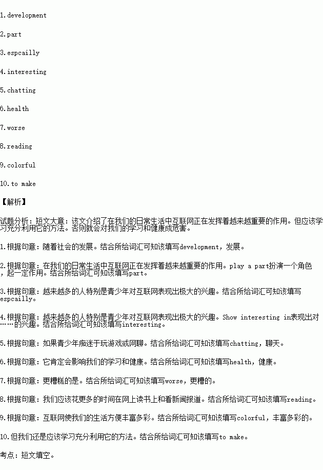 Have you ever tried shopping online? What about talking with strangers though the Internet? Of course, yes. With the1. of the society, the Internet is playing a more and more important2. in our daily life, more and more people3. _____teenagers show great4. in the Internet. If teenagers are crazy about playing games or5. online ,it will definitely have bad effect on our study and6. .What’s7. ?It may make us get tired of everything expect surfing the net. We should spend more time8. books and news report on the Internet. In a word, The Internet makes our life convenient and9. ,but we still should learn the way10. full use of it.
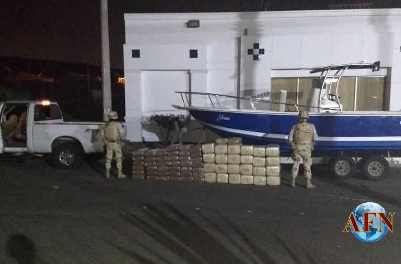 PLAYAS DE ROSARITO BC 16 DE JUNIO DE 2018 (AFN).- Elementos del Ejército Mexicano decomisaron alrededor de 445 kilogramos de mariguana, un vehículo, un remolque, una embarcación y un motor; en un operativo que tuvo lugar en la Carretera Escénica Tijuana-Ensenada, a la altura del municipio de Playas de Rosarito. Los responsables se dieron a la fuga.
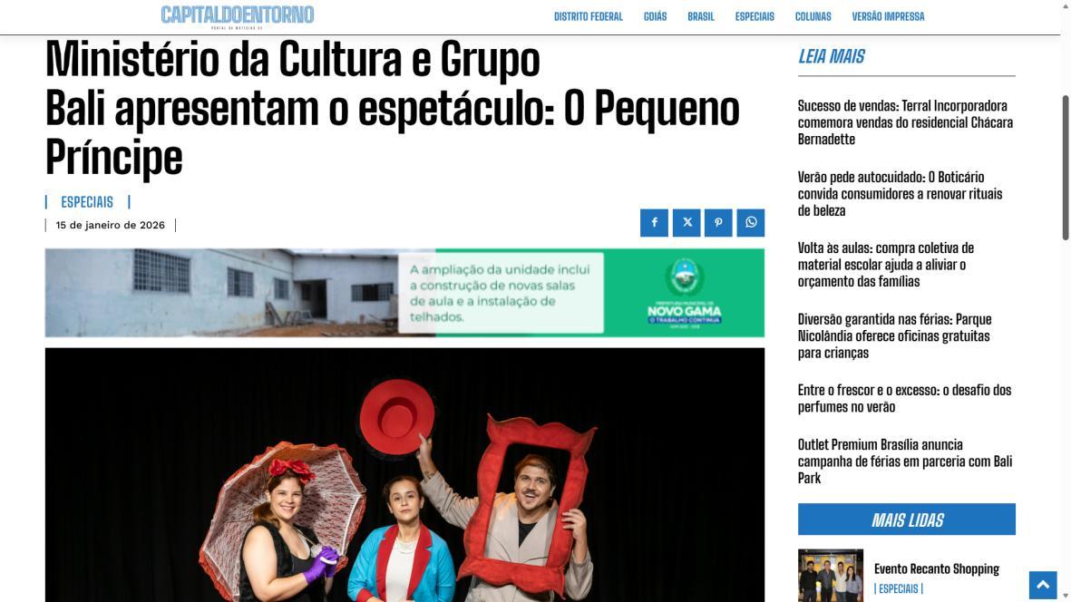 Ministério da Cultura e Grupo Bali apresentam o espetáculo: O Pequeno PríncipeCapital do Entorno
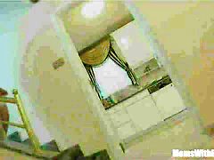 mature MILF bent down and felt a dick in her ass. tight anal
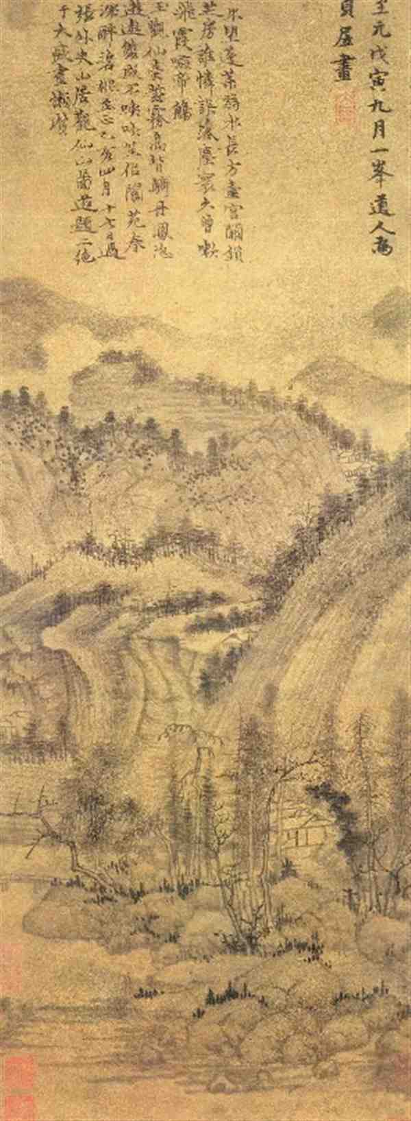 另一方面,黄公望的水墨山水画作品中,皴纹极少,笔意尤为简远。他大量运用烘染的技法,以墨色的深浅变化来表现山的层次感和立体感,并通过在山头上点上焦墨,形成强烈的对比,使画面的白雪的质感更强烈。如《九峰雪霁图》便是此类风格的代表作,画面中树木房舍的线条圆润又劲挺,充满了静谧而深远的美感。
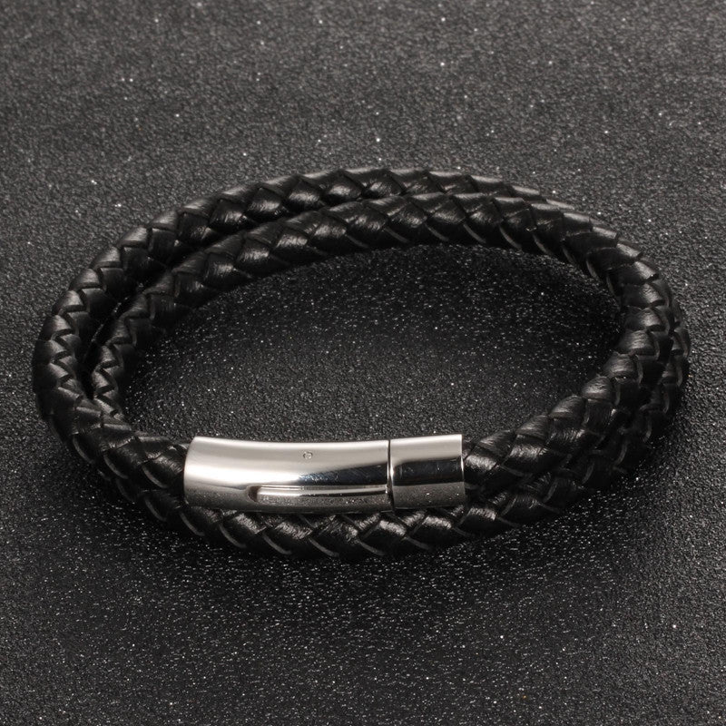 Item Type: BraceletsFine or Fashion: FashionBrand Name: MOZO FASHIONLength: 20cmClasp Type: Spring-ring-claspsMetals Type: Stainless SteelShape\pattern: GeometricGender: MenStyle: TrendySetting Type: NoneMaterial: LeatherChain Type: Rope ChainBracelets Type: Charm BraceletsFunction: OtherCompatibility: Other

— Work task —
All the lines above are to be reproduced exactly, except the pictures.

— Solution for this task —
 Have you ever tried shopping online? What about talking with strangers though the Internet? Of course, yes. With the1. of the society, the Internet is playing a more and more important2. in our daily life, more and more people3. _____teenagers show great4. in the Internet. If teenagers are crazy about playing games or5. online ,it will definitely have bad effect on our study and6. .What’s7. ?It may make us get tired of everything expect surfing the net. We should spend more time8. books and news report on the Internet. In a word, The Internet makes our life convenient and9. ,but we still should learn the way10. full use of it.
 PLAYAS DE ROSARITO BC 16 DE JUNIO DE 2018 (AFN).- Elementos del Ejército Mexicano decomisaron alrededor de 445 kilogramos de mariguana, un vehículo, un remolque, una embarcación y un motor; en un operativo que tuvo lugar en la Carretera Escénica Tijuana-Ensenada, a la altura del municipio de Playas de Rosarito. Los responsables se dieron a la fuga.
 Ministério da Cultura e Grupo Bali apresentam o espetáculo: O Pequeno PríncipeCapital do Entorno
 mature MILF bent down and felt a dick in her ass. tight anal
 另一方面,黄公望的水墨山水画作品中,皴纹极少,笔意尤为简远。他大量运用烘染的技法,以墨色的深浅变化来表现山的层次感和立体感,并通过在山头上点上焦墨,形成强烈的对比,使画面的白雪的质感更强烈。如《九峰雪霁图》便是此类风格的代表作,画面中树木房舍的线条圆润又劲挺,充满了静谧而深远的美感。
 Item Type: BraceletsFine or Fashion: FashionBrand Name: MOZO FASHIONLength: 20cmClasp Type: Spring-ring-claspsMetals Type: Stainless SteelShape\pattern: GeometricGender: MenStyle: TrendySetting Type: NoneMaterial: LeatherChain Type: Rope ChainBracelets Type: Charm BraceletsFunction: OtherCompatibility: Other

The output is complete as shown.